Indeed. But this is just one part of the cake, because the branch penalty can be 6 cycles as well:
Mispredicted branches usually incur a four-cycle penalty, but sometimes the branch resolves later in the execution pipeline and incurs a six-cycle penalty instead. Mispredicted indirect jumps incur a six-cycle penalty.
It depends on where the misprediction happened. Quote:
There is no mention of the branch prediction penalty but it gives 2.5 DMIPS/MHz for the U74 core. This is competitive with the also in-order 8 stage superscalar Cortex-A53 and the 7-zip results back it up. The SiFive U74 core outperforms the Cortex-A53 and competes with the later generation Cortex-A55.

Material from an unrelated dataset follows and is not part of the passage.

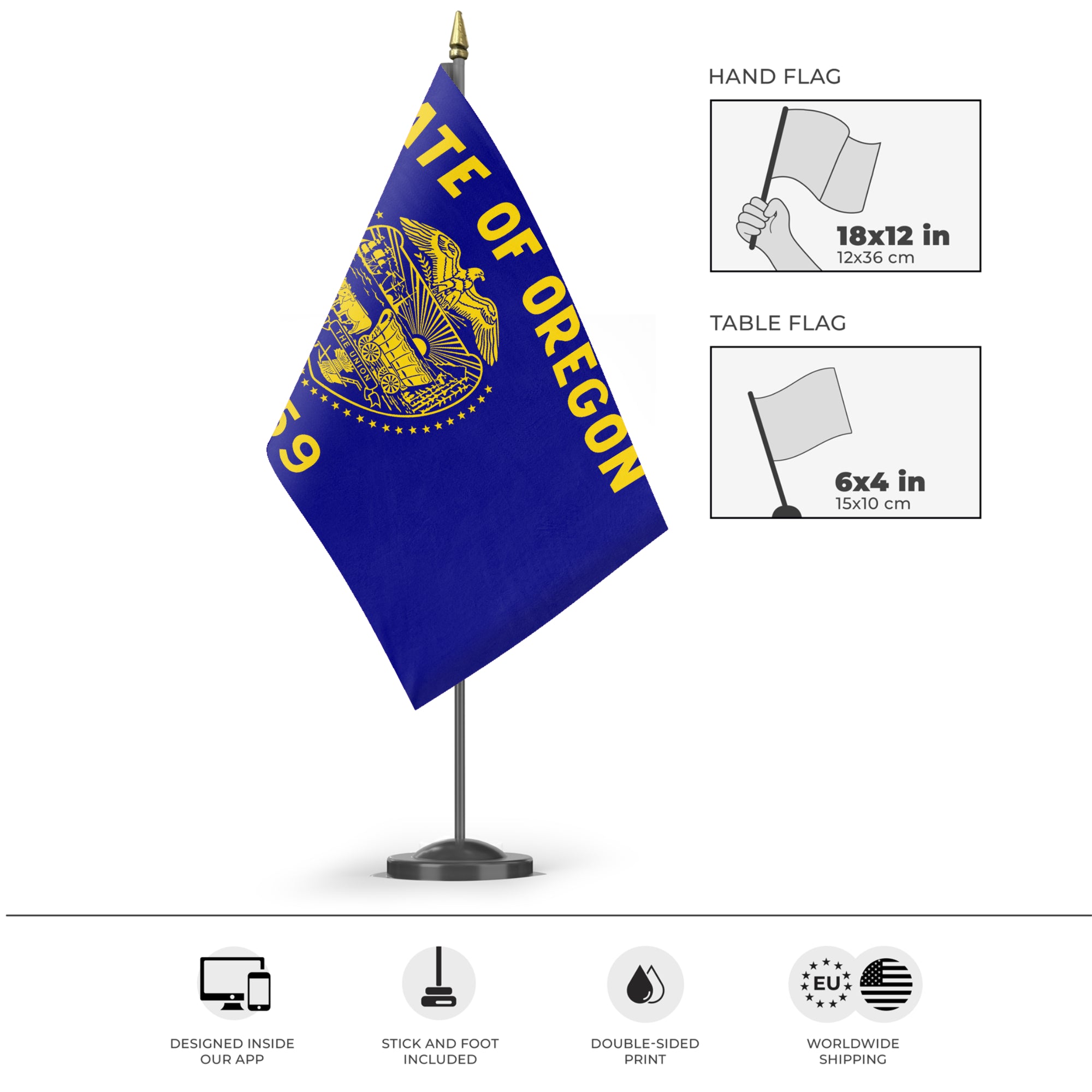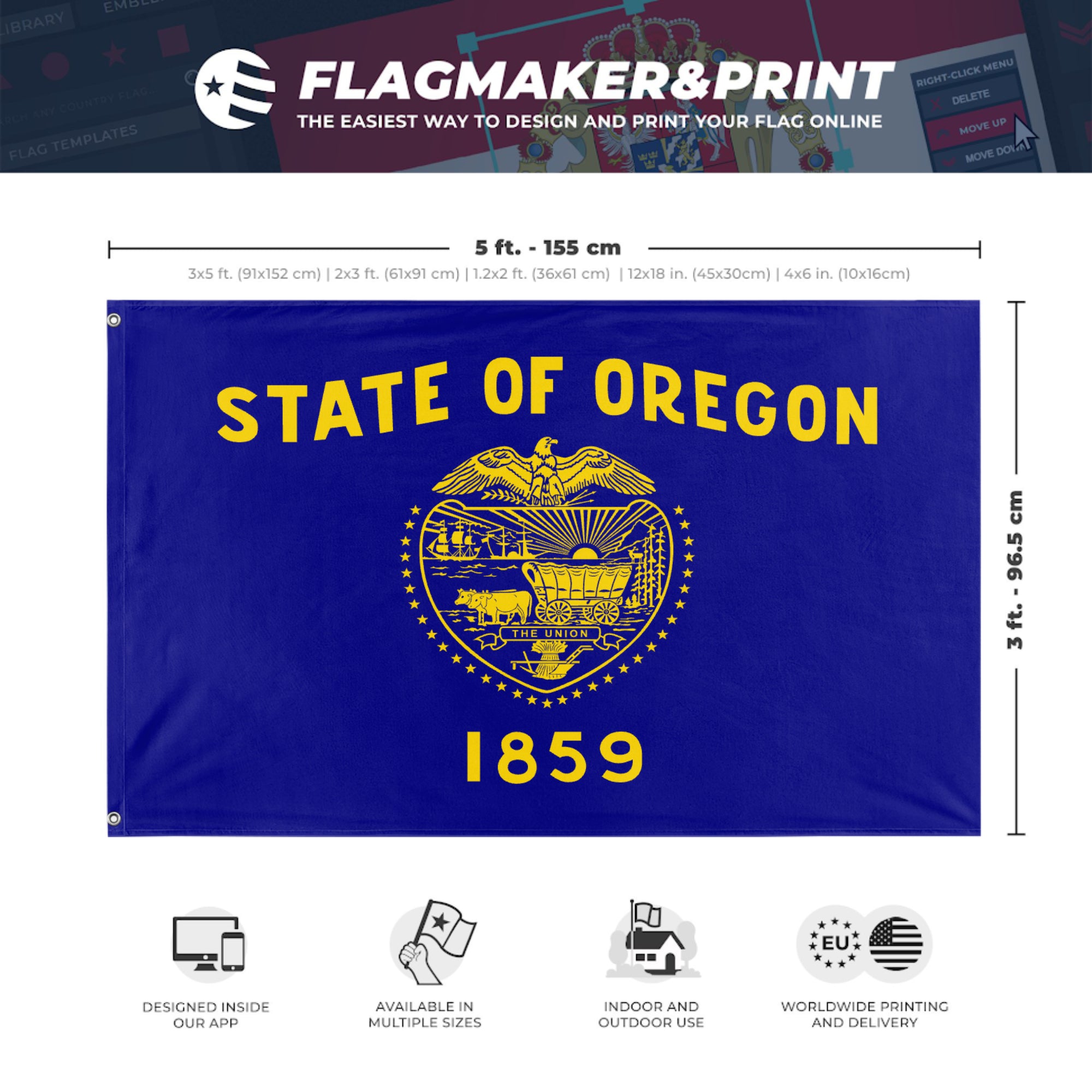 ✒️ The flag of Oregon is unique among U.S. state flags for having different designs on its two sides. The obverse side features a navy blue field with the word “Oregon” above a gold shield displaying a heart-shaped emblem that includes a covered wagon, a pioneer, mountains, forests, and the Pacific Ocean, symbolizing the state’s history and natural landscape. Thirteen stars encircle the shield, representing the original colonies. The reverse side displays a gold silhouette of a beaver, the state animal. Adopted in 1925, Oregon’s flag reflects the state’s pioneer heritage and its significance in the American West.

single core | compression/MHz | decompression/MHz SiFive_U74 0.70 0.92 Cortex-A53 0.56 0.92 Cortex-A55 0.63 1.03 IBM_Cell_PPE 0.23 0.33
IBM_PPC_G5 0.49 0.82 POWER9 1.08 0.83
The first 4 cores above are in-order cores while the last 2 are OoO PPC/Power cores since how poor the PPC G5 and Cell performed came up in another thread and some Amiga users want AmigaOS 4 for the POWER9 Blackbird. The in-order SiFive U74 destroys the in-order Cell PPE and even outperforms the OoO PPC G5 in this benchmark while decompression is better than the OoO POWER9. The SiFive U74 uses a 28nm process which is better than the older PPC cores except the POWER9 but all of these PPC cores have a huge advantage in peak processing power and transistor counts (Cell has 256 GFlops of single precision fp performance and uses 234 million transistors for example). The PPC cores need perfectly scheduled code or they stall a lot, especially the Cell. |
Indeed. SiFi made a great work with the U74.
Cell / PPE is very poor, but we know it since very long time. Only PowerPCs die-hard fanaticals could have asked a port of their favorite o.s. to it. Quote:
cdimauro Quote:
68060 was a very simple design, as we know.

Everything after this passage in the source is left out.